** Exercise aim **
Pictures in the records below must be left out. Return exactly the lines from the line with "The second type" to the line with "El Cargador batería", both included.

** Data supplied **
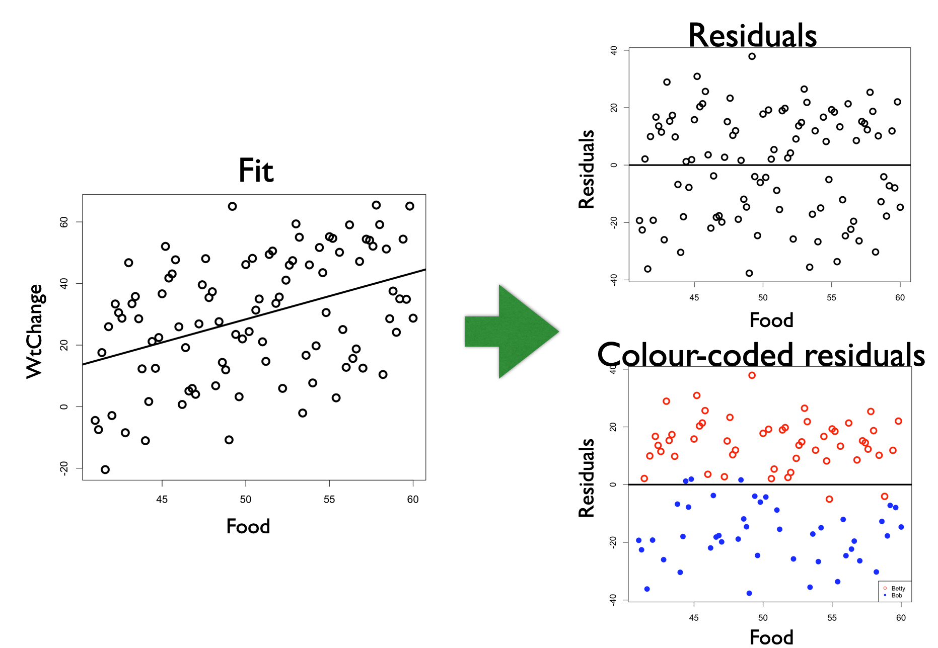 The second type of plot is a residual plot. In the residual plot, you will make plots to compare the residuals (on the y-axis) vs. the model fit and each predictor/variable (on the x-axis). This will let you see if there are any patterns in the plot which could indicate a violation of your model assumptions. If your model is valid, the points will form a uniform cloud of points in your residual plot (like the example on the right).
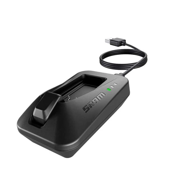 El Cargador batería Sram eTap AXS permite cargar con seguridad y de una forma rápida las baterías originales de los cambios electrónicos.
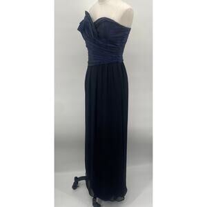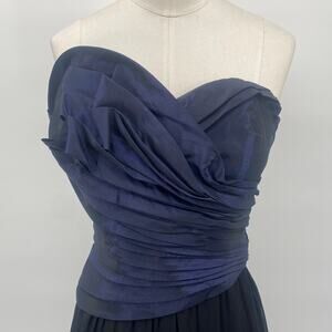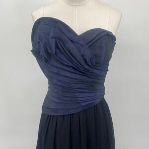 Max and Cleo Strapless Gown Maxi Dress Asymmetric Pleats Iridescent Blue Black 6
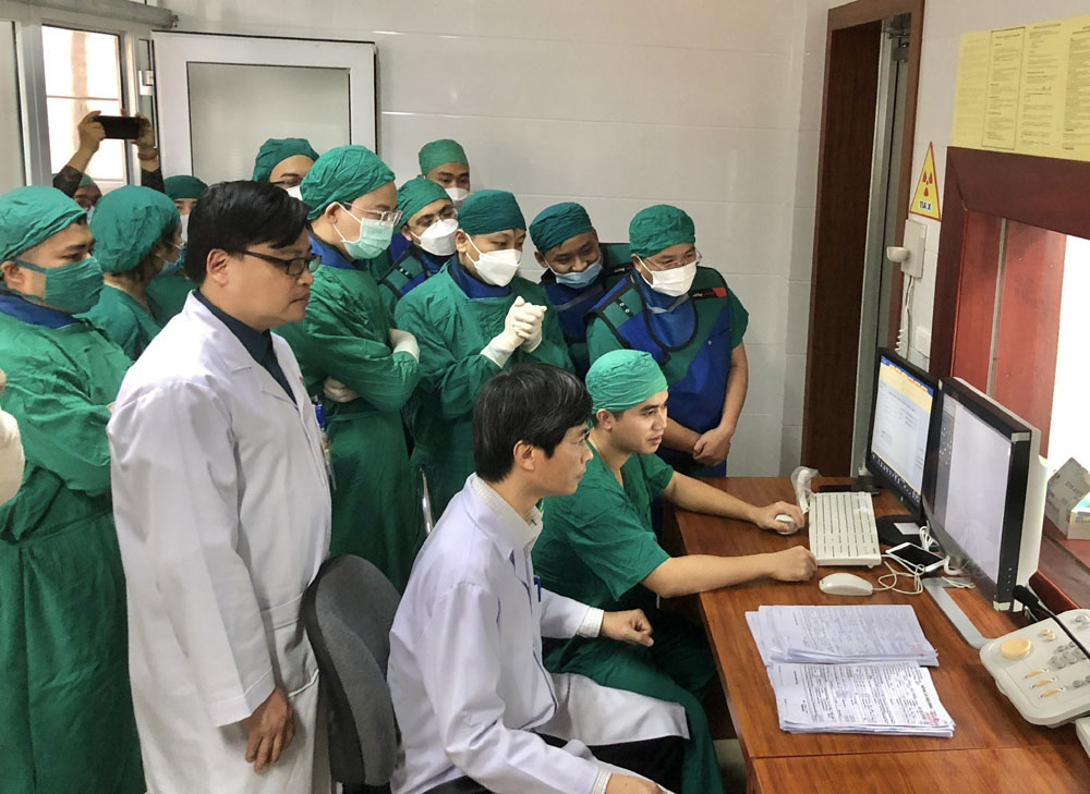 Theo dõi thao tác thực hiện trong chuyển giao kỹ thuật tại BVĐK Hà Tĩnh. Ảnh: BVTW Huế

...

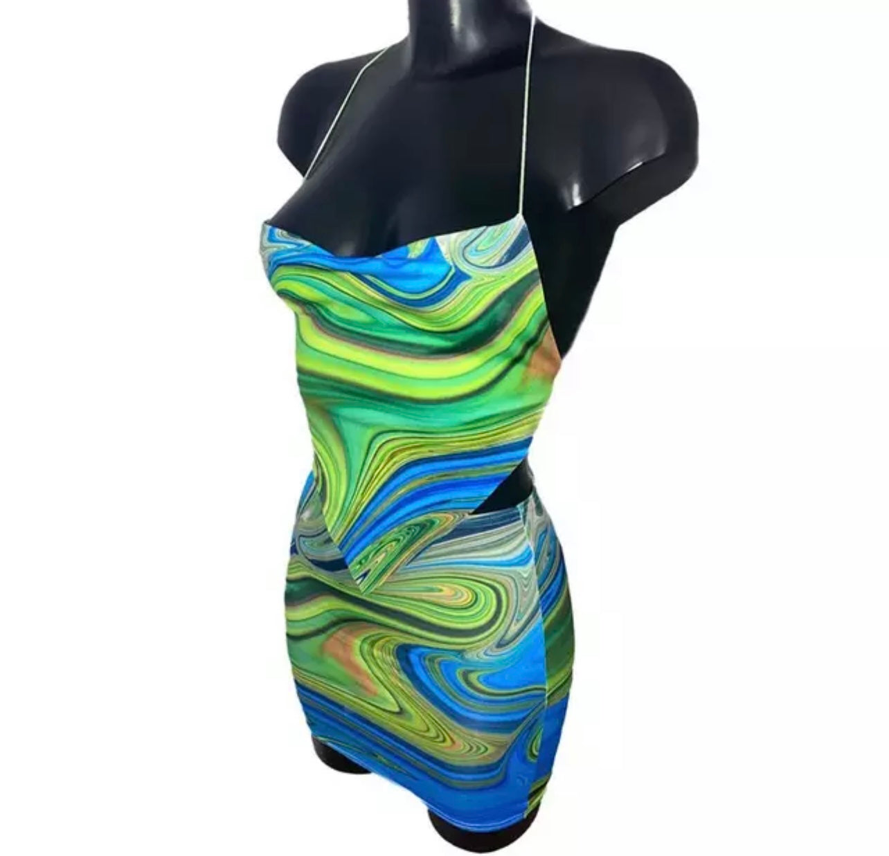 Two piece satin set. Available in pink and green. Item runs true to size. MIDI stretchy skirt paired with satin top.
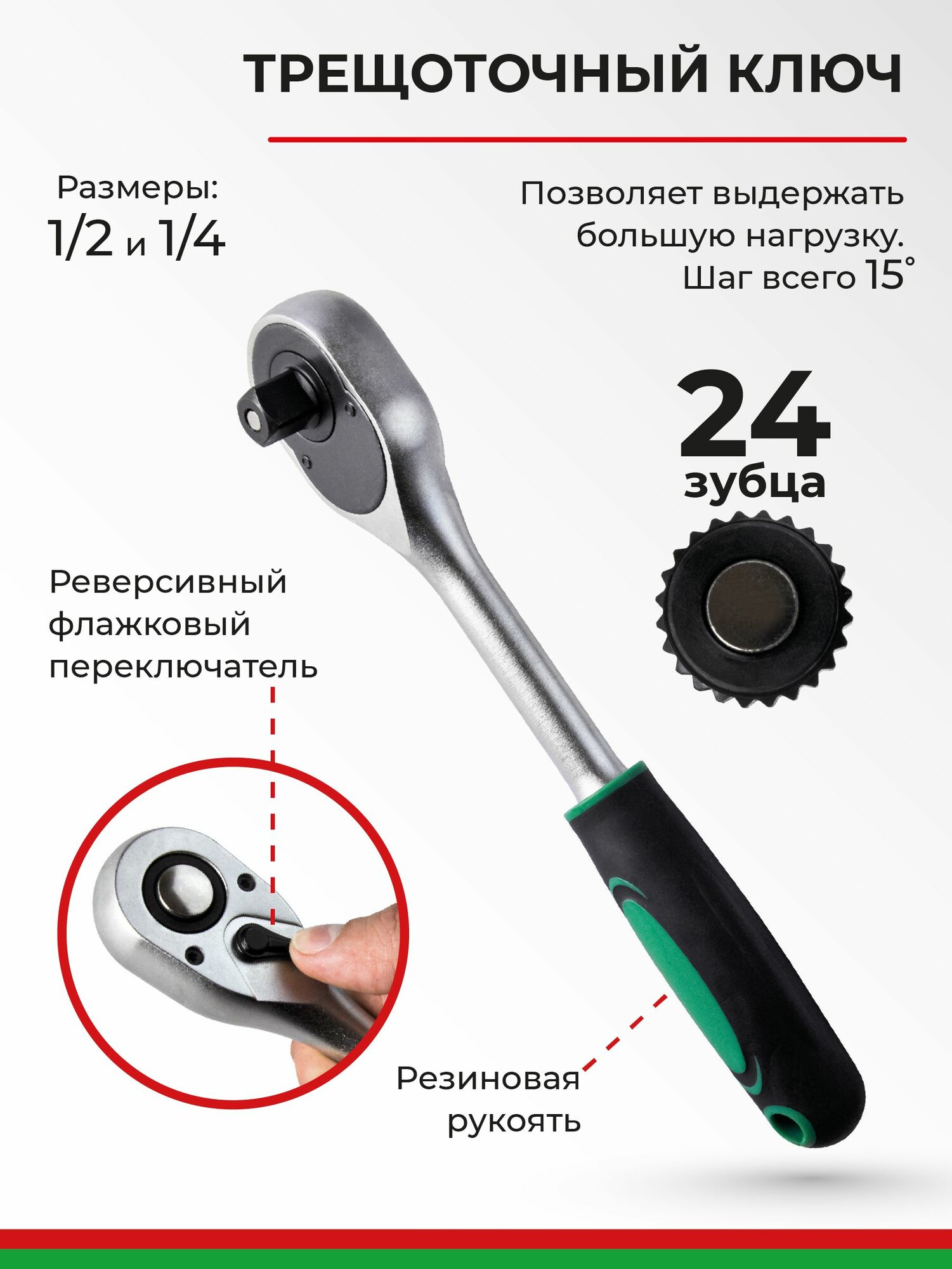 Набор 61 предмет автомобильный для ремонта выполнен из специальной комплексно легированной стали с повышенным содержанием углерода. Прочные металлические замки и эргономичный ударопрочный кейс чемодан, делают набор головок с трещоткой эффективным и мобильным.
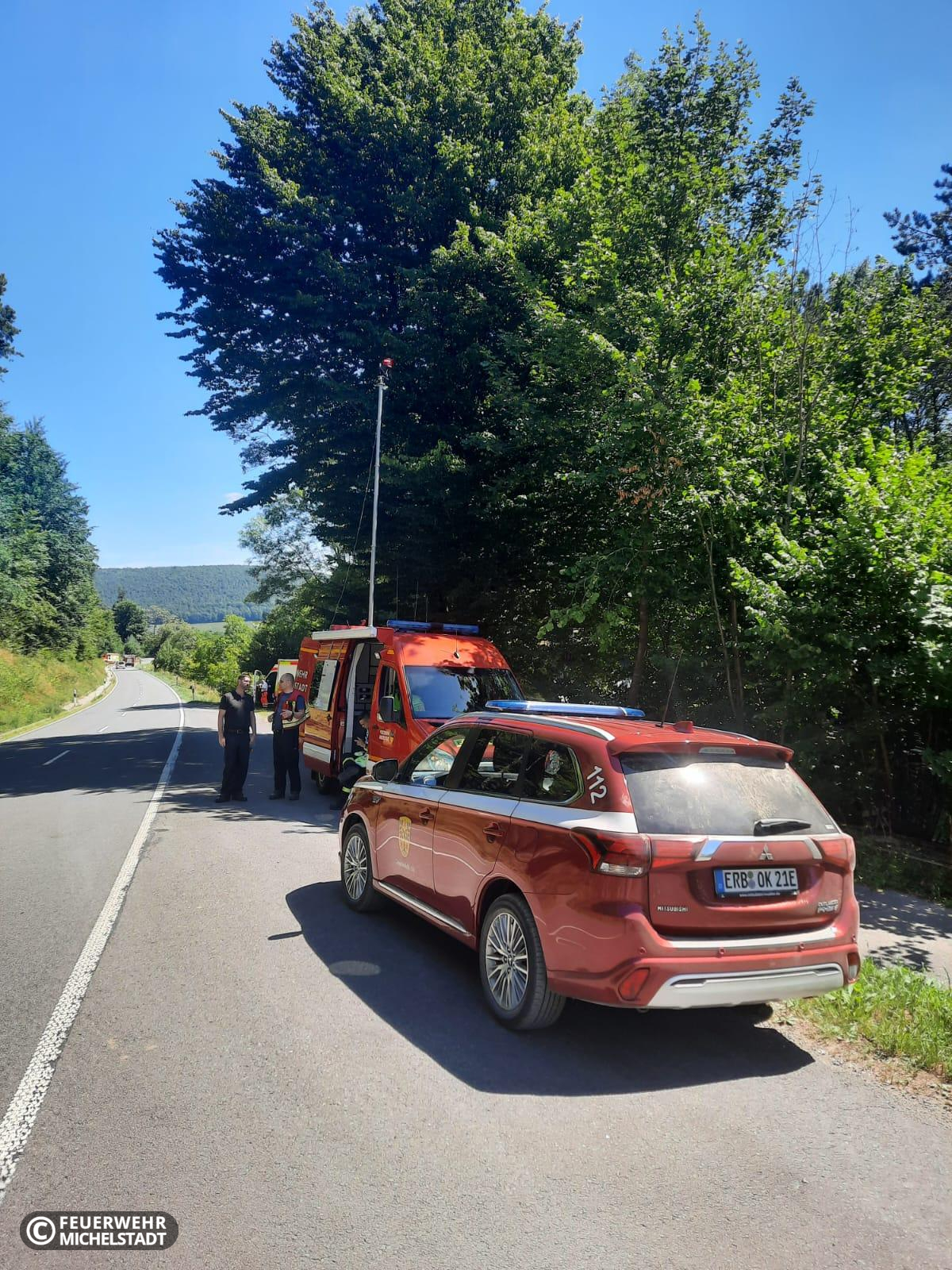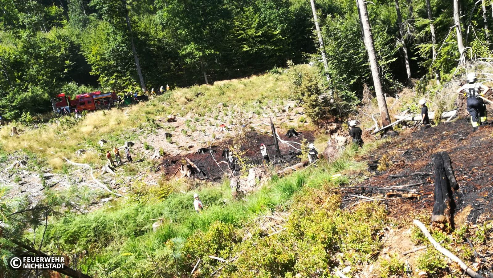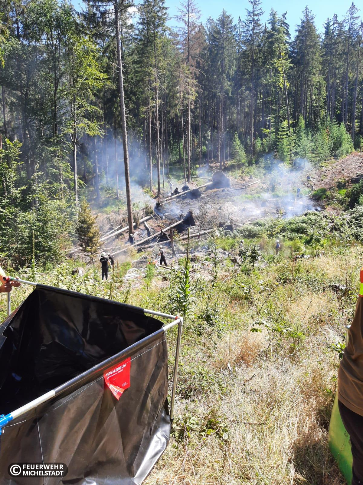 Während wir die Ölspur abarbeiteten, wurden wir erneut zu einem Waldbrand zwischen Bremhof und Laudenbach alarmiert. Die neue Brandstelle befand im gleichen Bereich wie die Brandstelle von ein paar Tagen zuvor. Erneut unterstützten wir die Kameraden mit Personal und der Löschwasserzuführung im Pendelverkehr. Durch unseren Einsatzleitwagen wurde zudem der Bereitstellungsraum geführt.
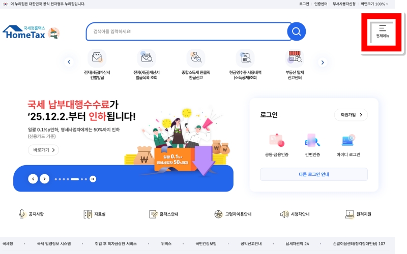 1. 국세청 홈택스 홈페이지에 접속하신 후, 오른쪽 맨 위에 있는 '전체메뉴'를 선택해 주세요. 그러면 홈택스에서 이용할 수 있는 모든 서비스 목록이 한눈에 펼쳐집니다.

** Exercise solution **
 The second type of plot is a residual plot. In the residual plot, you will make plots to compare the residuals (on the y-axis) vs. the model fit and each predictor/variable (on the x-axis). This will let you see if there are any patterns in the plot which could indicate a violation of your model assumptions. If your model is valid, the points will form a uniform cloud of points in your residual plot (like the example on the right).
 El Cargador batería Sram eTap AXS permite cargar con seguridad y de una forma rápida las baterías originales de los cambios electrónicos.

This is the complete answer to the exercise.